> _Task prompt_
As the answer, give exactly the lines of the records below from the one with "개인적으로 흥미로웠던 주제입니다." through the one with "院领导耿辉建、樊国平,留学生", ends included and pictures left out.

> _Information provided_
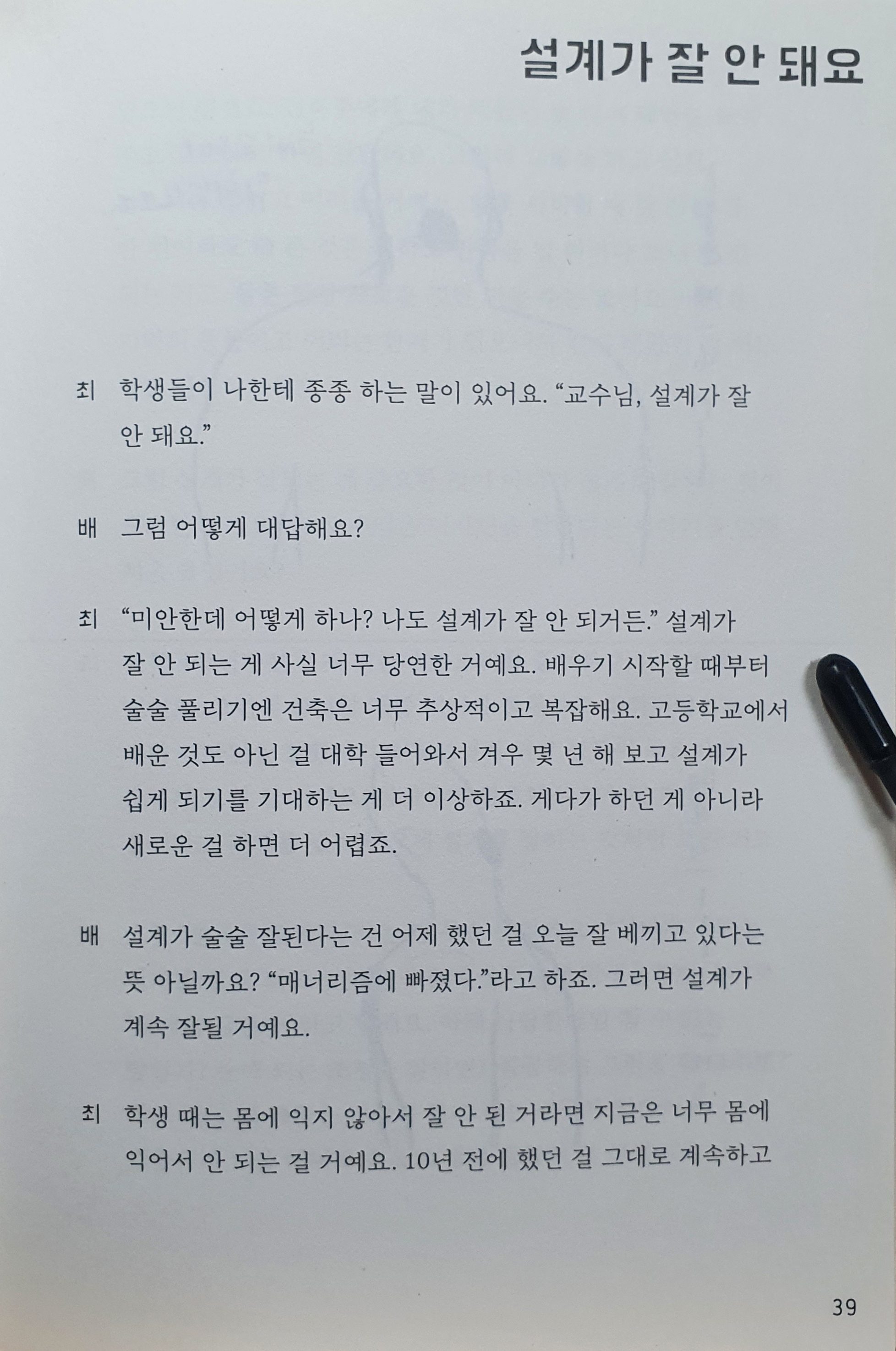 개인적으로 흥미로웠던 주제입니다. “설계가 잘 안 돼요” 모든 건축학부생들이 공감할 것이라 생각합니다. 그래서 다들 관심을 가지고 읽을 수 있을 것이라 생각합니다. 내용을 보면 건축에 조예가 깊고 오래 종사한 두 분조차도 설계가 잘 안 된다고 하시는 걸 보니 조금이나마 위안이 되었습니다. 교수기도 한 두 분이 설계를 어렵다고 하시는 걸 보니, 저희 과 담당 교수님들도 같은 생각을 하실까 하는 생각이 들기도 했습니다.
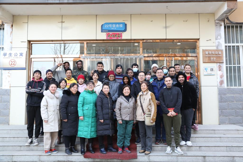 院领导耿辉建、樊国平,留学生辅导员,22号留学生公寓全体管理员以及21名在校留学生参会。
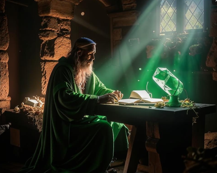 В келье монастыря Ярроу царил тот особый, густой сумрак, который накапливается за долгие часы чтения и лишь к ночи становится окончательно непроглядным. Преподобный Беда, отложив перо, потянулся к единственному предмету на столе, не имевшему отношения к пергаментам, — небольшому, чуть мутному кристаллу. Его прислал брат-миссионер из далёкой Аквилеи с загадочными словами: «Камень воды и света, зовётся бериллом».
--
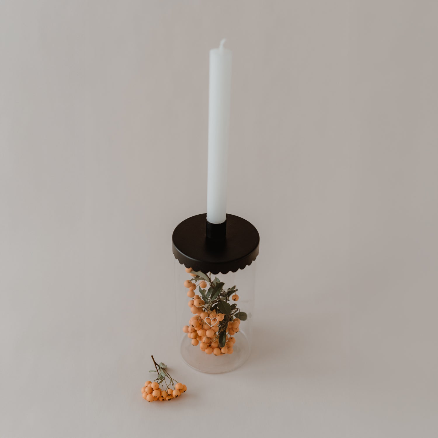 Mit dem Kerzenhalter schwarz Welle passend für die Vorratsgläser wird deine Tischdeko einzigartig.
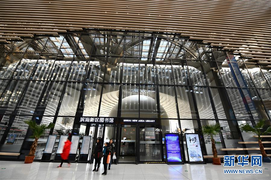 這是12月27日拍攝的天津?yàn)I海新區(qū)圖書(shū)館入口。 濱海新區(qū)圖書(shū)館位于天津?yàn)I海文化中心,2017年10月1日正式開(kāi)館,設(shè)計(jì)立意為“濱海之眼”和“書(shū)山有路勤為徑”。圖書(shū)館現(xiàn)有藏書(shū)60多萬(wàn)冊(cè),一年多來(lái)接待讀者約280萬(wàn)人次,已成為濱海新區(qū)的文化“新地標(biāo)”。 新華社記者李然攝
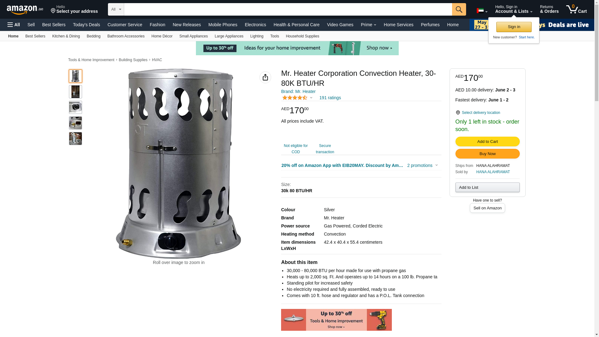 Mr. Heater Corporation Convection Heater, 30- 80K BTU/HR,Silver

> _Output of the exercise_
 개인적으로 흥미로웠던 주제입니다. “설계가 잘 안 돼요” 모든 건축학부생들이 공감할 것이라 생각합니다. 그래서 다들 관심을 가지고 읽을 수 있을 것이라 생각합니다. 내용을 보면 건축에 조예가 깊고 오래 종사한 두 분조차도 설계가 잘 안 된다고 하시는 걸 보니 조금이나마 위안이 되었습니다. 교수기도 한 두 분이 설계를 어렵다고 하시는 걸 보니, 저희 과 담당 교수님들도 같은 생각을 하실까 하는 생각이 들기도 했습니다.
 院领导耿辉建、樊国平,留学生辅导员,22号留学生公寓全体管理员以及21名在校留学生参会。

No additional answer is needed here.